EN

1.02.2024, 11:02 Wersja do druku

W perspektywie jej i jego miłości

„Pięć Ostatnich Lat” Jasona Roberta Browna w reż. Antoniusza Dietziusa w Teatrze Muzycznym Proscenium w Warszawie. Pisze Wiesław Kowalski w Teatrze dla Wszystkich.

fot. Artur/Zw Fotografia

Po ośmiu latach od wystawienia w Teatrze Roma, w kameralnej przestrzeni Klubu Enklawa, Antoniusz Dietzius zrealizował kolejną wersję amerykańskiego musicalu „Pięć ostatnich lat” z muzyką, librettem i tekstami piosenek Jasona Roberta Browna. Dotychczas młody reżyser sprawdzał się częściej w repertuarze dużo bardziej widowiskowym, przygotowując z powodzeniem takie spektakle jak „Grease”, „Miss Sajgon”, „Les Miserables”, „School Edition”, „Jesus Christ Superstar”, „SPAMALOT czyli Monthy Python i Święty Graal”, „Footloose” czy „Little Shop of Horrors”. Choć należy pamiętać również o jego dużo skromniejszym „Abonamencie na szczęście” wciąż granym w warszawskiej Scenie Relax.

Rozpisany na zaledwie dwa głosy, charakteryzujący się intymnością utwór, którego premiera odbyła się w roku 2001 w Chicago, opowiada z pozoru dość banalną historię spotkania i miłości dwojga młodych ludzi, Jamiego i Cathy, których drogi w trakcie pięciu tytułowych lat, przed i po ślubie, coraz bardziej się rozchodzą, w konsekwencji rozstanie staje się nieuniknione.
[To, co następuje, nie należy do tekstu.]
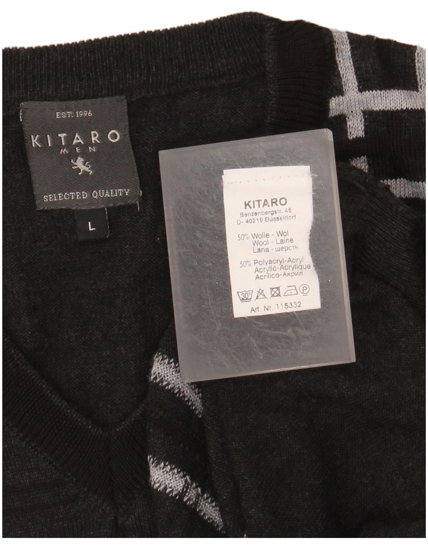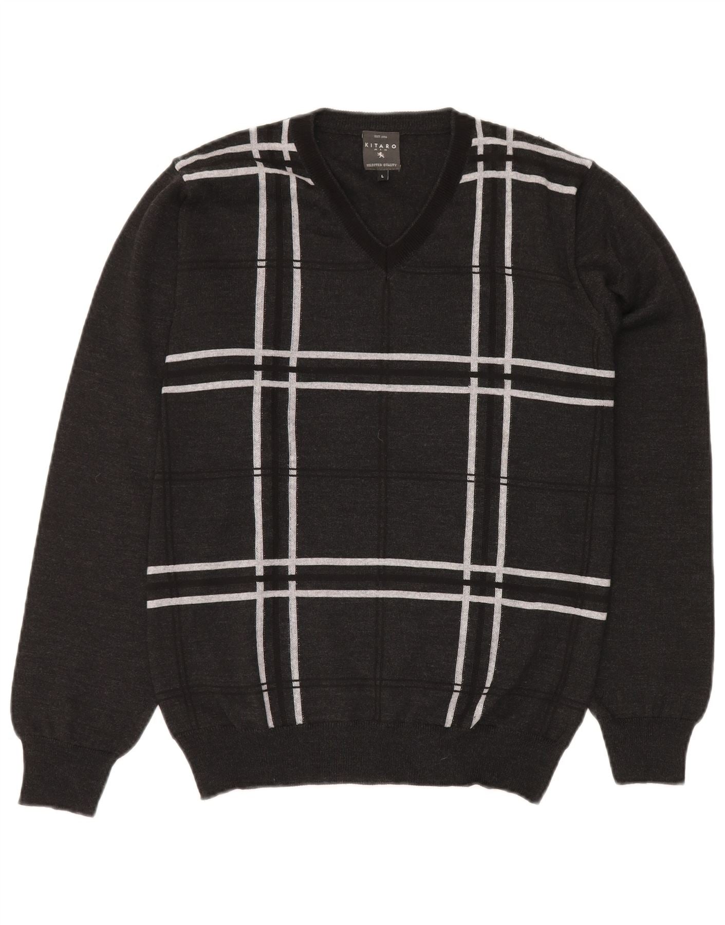 KITARO Jersey con cuello en V para hombre de lana a cuadros gris grande

On jest coraz bardziej popularnym pisarzem, pochłoniętym zwłaszcza swoją pracą, mającym duże powodzenie u kobiet, ona próbuje, bez sukcesu, choć aspiracji jej nie brakuje, szczęścia na castingach jako aktorka i najczęściej wyczekuje powrotu męża w domu. Łatwo w tego typu materiale popaść w telenowelową poetykę i Antoniusz Dietzius miał tego pełną świadomość, dlatego stawia przede wszystkim na siłę i magię słowa, które musi osiągnąć absolutne zespolenie z tym, co niesie każdy zawarty w partyturze dźwięk.
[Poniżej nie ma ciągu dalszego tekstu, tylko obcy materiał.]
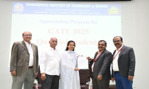 నమిత న్యూస్ - Andhra Pradesh / Annamayya : మదనపల్లె - మే20 : అంగళ్ళు సమీపం లో గల మదనపల్లె ఇన్స్టిట్యూట్ ఆఫ్ టెక్నాలజీ & సైన్స్ (మిట్స్) కళాశాల నందు జాతీయ స్థాయిలో నిర్వహించే గేట్ 2025 అర్హత సాధించిన విద్యార్థులను ప్రశంసా కార్యక్రమం ను నిర్వహించారు. ఈ కార్యక్రమం లో కళాశాల ప్రిన్సిపాల్ డాక్టర్ సి. యువరాజ్ మాట్లాడుతూ గ్రాడ్యుయేట్ ఆప్టిట్యూడ్ టెస్ట్ ఇన్ ఇంజనీరింగ్ పరీక్షలో విజయవంతంగా అర్హత సాధించిన విద్యార్థులను ప్రశంస కార్యక్రమాన్ని నిర్వహించామని ఆయన అన్నారు. మొత్తం 22 మంది విద్యార్థులు కళాశాల నందు గేట్ కు అర్హత అయ్యారని, అందులో సివిల్ ఇంజనీరింగ్ నుంచి 2, కంప్యూటర్ సైన్స్ అండ్ ఇంజనీరింగ్ విభాగము నుంచి 9, ఎలక్ట్రానిక్స్ అండ్ కమ్యూనికేషన్ ఇంజనీరింగ్ నుంచి 5, కంప్యూటర్ సైన్స్ అండ్ టెక్నాలజీ నుంచి 2, ఆర్టిఫిషల్ ఇంటెలిజెన్స్ 4, డేటా సైన్స్ ఒక్కరు అని ఆయన అన్నారు. ఆయన విద్యార్థుల కృషిని ప్రశంసించారు మరియు ఈ అద్భుతమైన మైలురాయి వైపు వారిని నడిపించడంలో అధ్యాపకుల నిరంతర మద్దతును ప్రశంసించారు. తన ప్రసంగంలో, గేట్ వంటి పోటీ పరీక్షల ప్రాముఖ్యతను ఆయన చెప్పారు, ఇది ప్రతిష్టాత్మకమైన ఉన్నత విద్య సంస్థలకు మరియు ప్రభుత్వ రంగ సంస్థలు మరియు పరిశోధనా సంస్థల్లో అవకాశాలకు నాంది అన్నారు. ఈ కార్యక్రమంలో వివిధ ఇంజనీరింగ్ విభాగాలకు చెందిన మొత్తం 22 మంది విద్యార్థులను వారి కృషి మరియు పట్టుదలకు గుర్తింపుగా ప్రశంసా పత్రాలు మరియు జ్ఞాపికలతో సత్కరించారు. విభాగాధిపతులు, అధ్యాపక సభ్యులు మరియు మార్గదర్శకులు కూడా విజేతలను అభినందించడంలో పాల్గొన్నారు మరియు జూనియర్లకు స్ఫూర్తినిచ్చే ప్రేరణాత్మక అంతర్దృష్టులను పంచుకున్నారు. గేట్ అర్హత సాధించిన వారు తమ తయారీ వ్యూహాలు మరియు అనుభవాలను పంచుకున్నారు. కార్యక్రమం లో వైస్ ప్రిన్సిపాల్ డాక్టర్ రామనాథన్, డీన్ శ్రీమంత బసు అధ్యాపకులు పాల్గొన్నారు. విద్యార్థులను కరెస్పాండంట్ డాక్టర్ యెన్. విజయ భాస్కర్ చౌదరి, ఎగ్జిక్యూటివ్ డైరెక్టర్ కీర్తి నాదెళ్ల తదితరులు అభినందనలు తెలియజేసారు.

Ciekawym zabiegiem w tym kolażu ludzkich wzlotów, uniesień i upadków jest to, że pochodząca z prowincji Cathy, niełatwo odnajdująca się w dużym mieście i przez to silnie zagubiona, rozpoczyna swoją opowieść od roku ostatniego, jak gdyby spoglądając w przeszłość, natomiast narracja Jamiego wspomnieniami powraca do tego, co działo się podczas roku pierwszego. To zapętlanie się obydwu historii powoduje, że losy bohaterów stają się coraz bardziej intrygujące. Wszystkie emocje pojawiające się w trakcie trwania ich związku, dotykające nie tylko zwykłego życia, ale również stopnia wierności, traktowania kariery czy codziennych obowiązków, zawarte są w czternastu piosenkach, albowiem Brown zrezygnował z posłużenia się dialogami. Każda z piosenek stanowi zamkniętą strukturę, która poszerza aktorom możliwości interpretacyjne i wymaga od nich sporej elastyczności w pokazaniu kolejnych odsłon tego, co przeżywają, razem i osobno. Oglądanie i słuchanie Kai Mianowanej i Dominika Ochocińskiego to duża przyjemność, zarówno jeśli chodzi o ich umiejętności aktorskie, jak i wokalne. Jest to zadanie o tyle trudne, albowiem aktorzy są zaledwie kilka kroków od widzów, dlatego nie mogą sobie pozwolić na jakiekolwiek udawanie czy ekspresyjną nieszczerość. Mianowana i Ochociński bardzo wiarygodnie wcielają się w kreowane postaci, zarówno wtedy, gdy są pełni zauroczenia i zafascynowani swoją miłością, jak i wtedy, kiedy pojawiają się pierwsze rysy i komunikacyjne nieporozumienia, a pomaga im w tym nie tylko niekwestionowana muzykalność czy talent aktorski, ale i spora dawka wdzięku, także niekłamana żywiołowość, wrażliwość i sceniczny temperament, co skutkuje tym, że od początku ich duet zyskuje sympatię publiczności. Reżyser pomógł im pogłębić i zróżnicować wizerunki tak, by widz zobaczył  jak w lustrze całą paletę emocjonalnych barw towarzyszących ludziom, którzy w szukaniu porozumienia coraz bardziej się od siebie oddalają, pogrążając się jak Cathy w samotności, a Jamie w coraz większym apetycie na osiągniecie literackiego sukcesu.  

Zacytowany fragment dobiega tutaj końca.